What is expected = Take the entries that follow and return exactly the lines from the one holding "2025年10月13日下午1" through the one holding "Из шланга под", both included. Nothing else is needed.

Working data =
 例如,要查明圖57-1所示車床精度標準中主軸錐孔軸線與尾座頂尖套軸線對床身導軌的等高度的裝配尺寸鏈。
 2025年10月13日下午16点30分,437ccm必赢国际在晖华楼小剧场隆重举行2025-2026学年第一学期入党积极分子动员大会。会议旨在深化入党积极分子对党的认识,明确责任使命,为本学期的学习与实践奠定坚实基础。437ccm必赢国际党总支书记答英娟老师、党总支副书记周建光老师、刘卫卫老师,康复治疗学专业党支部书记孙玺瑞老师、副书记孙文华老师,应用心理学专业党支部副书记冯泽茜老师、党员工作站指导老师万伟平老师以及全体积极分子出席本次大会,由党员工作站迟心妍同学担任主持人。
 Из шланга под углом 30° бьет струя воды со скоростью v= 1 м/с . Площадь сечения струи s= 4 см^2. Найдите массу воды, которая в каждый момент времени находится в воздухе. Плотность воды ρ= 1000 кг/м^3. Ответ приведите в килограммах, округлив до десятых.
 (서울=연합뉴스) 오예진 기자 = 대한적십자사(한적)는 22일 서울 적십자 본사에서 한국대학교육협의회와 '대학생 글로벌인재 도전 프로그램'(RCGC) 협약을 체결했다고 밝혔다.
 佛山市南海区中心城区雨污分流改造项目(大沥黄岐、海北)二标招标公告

* * *

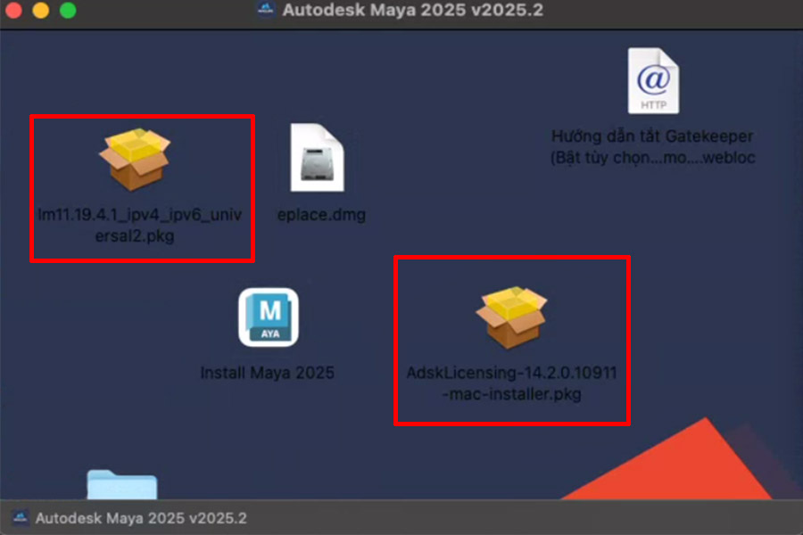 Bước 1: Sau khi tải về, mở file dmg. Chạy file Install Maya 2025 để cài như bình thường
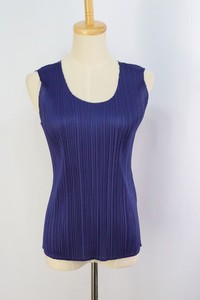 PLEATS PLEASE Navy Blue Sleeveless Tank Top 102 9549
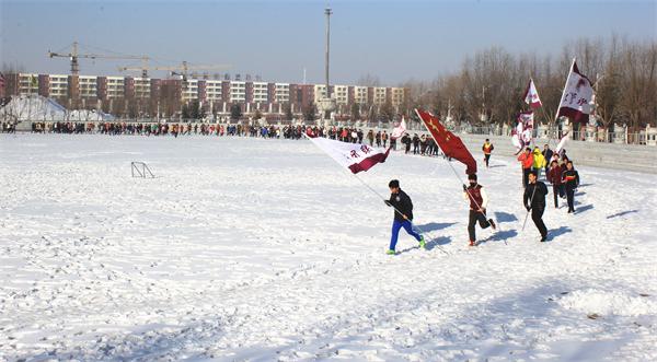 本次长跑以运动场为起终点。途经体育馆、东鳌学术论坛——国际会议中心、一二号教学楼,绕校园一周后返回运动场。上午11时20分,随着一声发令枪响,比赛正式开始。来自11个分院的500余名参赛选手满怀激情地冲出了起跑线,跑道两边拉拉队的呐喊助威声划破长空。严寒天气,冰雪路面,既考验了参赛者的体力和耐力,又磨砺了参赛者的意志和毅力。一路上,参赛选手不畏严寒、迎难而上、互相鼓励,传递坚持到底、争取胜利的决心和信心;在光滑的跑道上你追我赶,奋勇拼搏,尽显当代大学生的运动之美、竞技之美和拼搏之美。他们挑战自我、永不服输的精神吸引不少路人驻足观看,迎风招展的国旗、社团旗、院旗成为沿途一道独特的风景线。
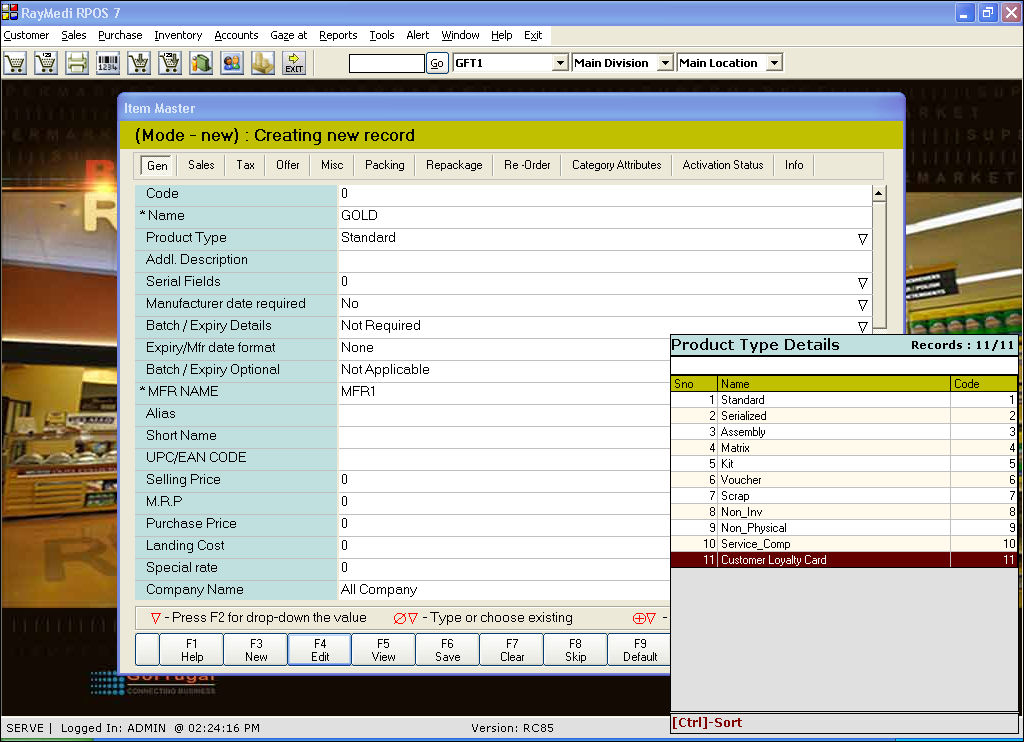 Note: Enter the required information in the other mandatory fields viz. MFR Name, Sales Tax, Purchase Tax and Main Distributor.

Written response =
 2025年10月13日下午16点30分,437ccm必赢国际在晖华楼小剧场隆重举行2025-2026学年第一学期入党积极分子动员大会。会议旨在深化入党积极分子对党的认识,明确责任使命,为本学期的学习与实践奠定坚实基础。437ccm必赢国际党总支书记答英娟老师、党总支副书记周建光老师、刘卫卫老师,康复治疗学专业党支部书记孙玺瑞老师、副书记孙文华老师,应用心理学专业党支部副书记冯泽茜老师、党员工作站指导老师万伟平老师以及全体积极分子出席本次大会,由党员工作站迟心妍同学担任主持人。
 Из шланга под углом 30° бьет струя воды со скоростью v= 1 м/с . Площадь сечения струи s= 4 см^2. Найдите массу воды, которая в каждый момент времени находится в воздухе. Плотность воды ρ= 1000 кг/м^3. Ответ приведите в килограммах, округлив до десятых.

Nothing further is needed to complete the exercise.